◆ **Data provided**:
+-------+
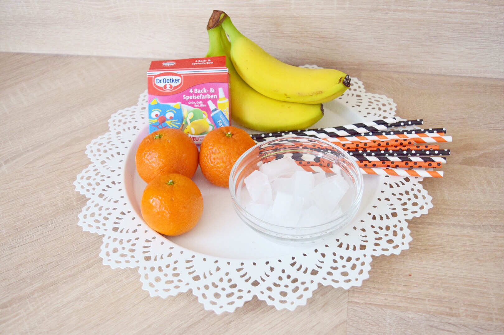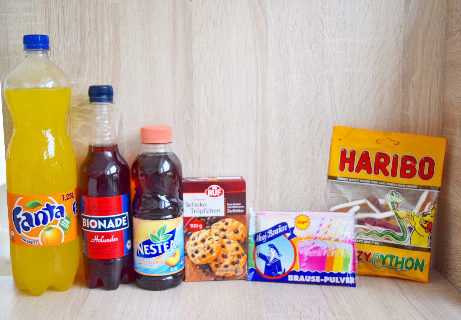 Fanta, Bionade, Eistee, Mandarinen, Bananen, Eiswürfel, Gummischlangen, Brausepulver, Schokotropfen, Strohhalme, Gläser und nach Wunsch Lebensmittelfarbe. Natürlich sind die Produkte nur ein Vorschlag von mir und ihr könnt jedes nach eurem eigenen Geschmack abhängig machen.
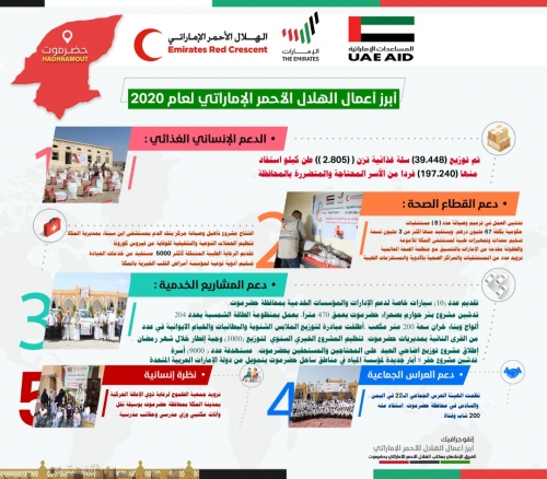 إنفو جرافيك| أبرز أعمال ومحطات هيئة الهلال الإماراتي في حضرموت سجلت دولة الإمارات العربية المتحدة بصمات إنسانية وخدمية وتنموية واضحة، عبر ذراعها الإنساني هيئة الهل...
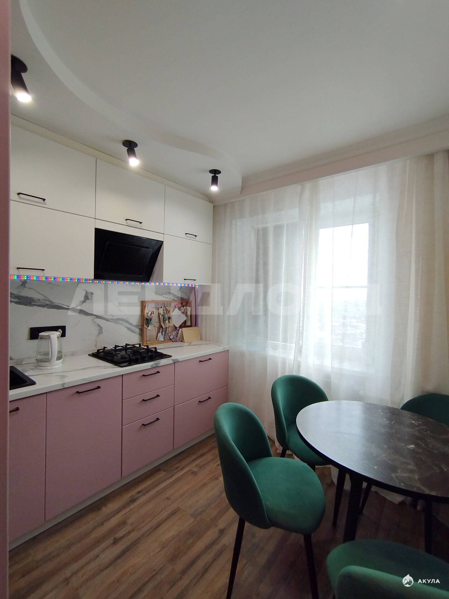 Новым владельцам остается кухонный гарнитур и встроенная бытовая техника.
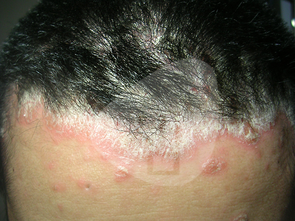 - 두피에 발생한 중증 건선으로 인해 소양감, 구진이 심하게 올라오심
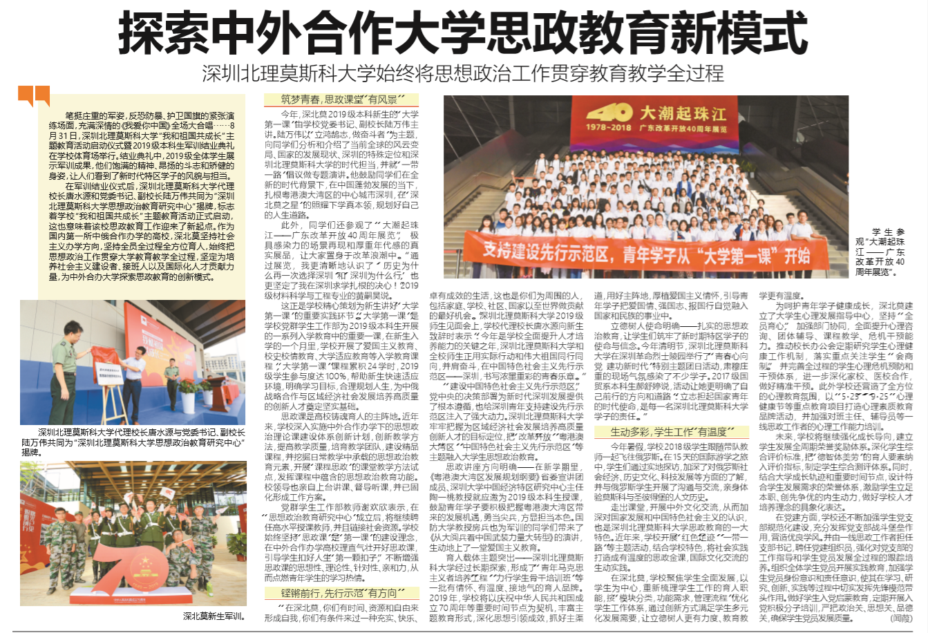 思政讲座方向明确——在新学期里,《粤港澳大湾区发展规划纲要》省委宣讲团成员、深圳大学中国经济特区研究中心主任陶一桃教授就应邀为2019级本科生授课,鼓励青年学子要积极把握粤港澳大湾区带来的发展机遇,勇当尖兵,方显担当本色。国防大学教授房兵也为军训的同学们带来了《从大阅兵看中国武装力量大转型》的演讲,生动地上了一堂爱国主义教育。
+-------+
With the images left out, output all the entries above exactly.

◆ **Exercise answer**:
 Fanta, Bionade, Eistee, Mandarinen, Bananen, Eiswürfel, Gummischlangen, Brausepulver, Schokotropfen, Strohhalme, Gläser und nach Wunsch Lebensmittelfarbe. Natürlich sind die Produkte nur ein Vorschlag von mir und ihr könnt jedes nach eurem eigenen Geschmack abhängig machen.
 إنفو جرافيك| أبرز أعمال ومحطات هيئة الهلال الإماراتي في حضرموت سجلت دولة الإمارات العربية المتحدة بصمات إنسانية وخدمية وتنموية واضحة، عبر ذراعها الإنساني هيئة الهل...
 Новым владельцам остается кухонный гарнитур и встроенная бытовая техника.
 - 두피에 발생한 중증 건선으로 인해 소양감, 구진이 심하게 올라오심
 思政讲座方向明确——在新学期里,《粤港澳大湾区发展规划纲要》省委宣讲团成员、深圳大学中国经济特区研究中心主任陶一桃教授就应邀为2019级本科生授课,鼓励青年学子要积极把握粤港澳大湾区带来的发展机遇,勇当尖兵,方显担当本色。国防大学教授房兵也为军训的同学们带来了《从大阅兵看中国武装力量大转型》的演讲,生动地上了一堂爱国主义教育。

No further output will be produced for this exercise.